The oil market is tightening up in the short run, but a major surplus is looming for next year, making OPEC’s task of balancing the market a “daunting one.”
That conclusion came from the International Energy Agency’s (IEA) latest Oil Market Report, which contained some optimistic conclusions regarding the health of the global economy, but also some warnings about the trouble ahead.
“Trade disputes and rising uncertainty about the impact of the UK’s possible exit from the European Union are reducing global growth through lower business and consumer confidence, supply chain reassessments, declining investment and direct reduction of trade,” the IEA said. Brent prices should average about $62 per barrel for 2019.
Nevertheless, the IEA stuck with its demand forecast at 1.1 million barrels per day (mb/d), which is starting to look overly optimistic given a range of downward revisions from analysts elsewhere. The U.S. EIA now says demand may only grow by 0.9 mb/d, the slowest rate in nearly a decade.
Global oil demand only grew by 0.5 mb/d in the first half of the year, and by less than 0.2 mb/d in June, according to the IEA. As a result, demand will need to accelerate significantly if the 1.1-mb/d full-year average is to be reached. The IEA says that with oil prices 20 percent lower than they were at this time last year, consumption will rise. Also, demand in the second half of 2018 was rather weak, so by comparison, the numbers for the second half of this year should look bigger.
Moreover, the agency also says that its estimate rests on no further deterioration on the economic and trade fronts.
That is a hopeful take, but in a sign that Washington and Beijing are eager to put an end to the cycle of escalation on the trade war, China decided to delay some tariffs on American goods this week and President Trump responded in kind just hours later, announcing a two-week delay on the scheduled increase in tariffs for October. As the Wall Street Journal reports, President Trump has shown a desire to find a way to backtrack on some tariffs after U.S. business interests stepped up an aggressive lobbying campaign last month following the announced tariffs.
Ultimately, the IEA sees an oil supply deficit of about 0.8 mb/d in the second half of 2019, due to the OPEC+ cuts, stronger demand and slower-than-expected U.S. shale growth.
However, this is “only really a breather,” the agency warns. “While the relentless stock builds we have seen since early 2018 have halted, this is temporary.” U.S. shale has slowed down, but is still expected to add 1.25 mb/d this year (a figure that might turn out to be optimistic).
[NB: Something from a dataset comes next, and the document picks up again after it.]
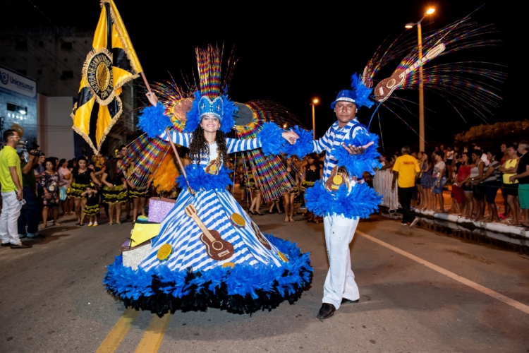 O prefeito de Várzea Alegre, Zé Helder (MDB), e a primeira-dama do município, Sônia Fortaleza, também desfilaram junto da escola de samba.

More gains are coming from Norway and Brazil as projects ramp up.
“Soon, the OPEC+ producers will once again see surging non-OPEC oil production with the implied market balance returning to a significant surplus and placing pressure on prices,” the IEA said in its report. “The challenge of market management remains a daunting one well into 2020.”
The IEA sees non-OPEC supply growing by 1.9 mb/d this year before rising to a 2.3-mb/d gain next year. That stands in a rather stark contrast to demand growth of only 1.1 mb/d and 1.3 mb/d in 2019 and 2020, respectively.
With supply expected to continue to outpace demand, the pressure on OPEC+ to cut deeper will grow. The IEA expects demand for OPEC crude to be 1.4 mb/d lower in 2020 than its output last month.
Meanwhile, at a monitoring meeting in Abu Dhabi this week, OPEC agreed to boost compliance with the current production cuts, but refrained from pushing for deeper reductions. The measure was aimed at trying to get Iraq and Nigeria to bring their production levels back down, after consistently pumping more than agreed to. Iraq said that it would cut output by 175,000 bpd by October, and Nigeria agreed to reduce by 57,000 bpd. In August, three countries party to the OPEC+ agreement – Iraq, Nigeria and Russia – produced 0.6 mb/d more than allocated.
“To achieve market stability, it’s imperative we maintain a high degree of cohesiveness within OPEC and within also our partners in OPEC,” Prince Abdulaziz bin Salman, the new Saudi energy minister, said at OPEC’s Joint Ministerial Monitoring Committee in Abu Dhabi.
Oil prices were on track to close the week lower on Friday afternoon.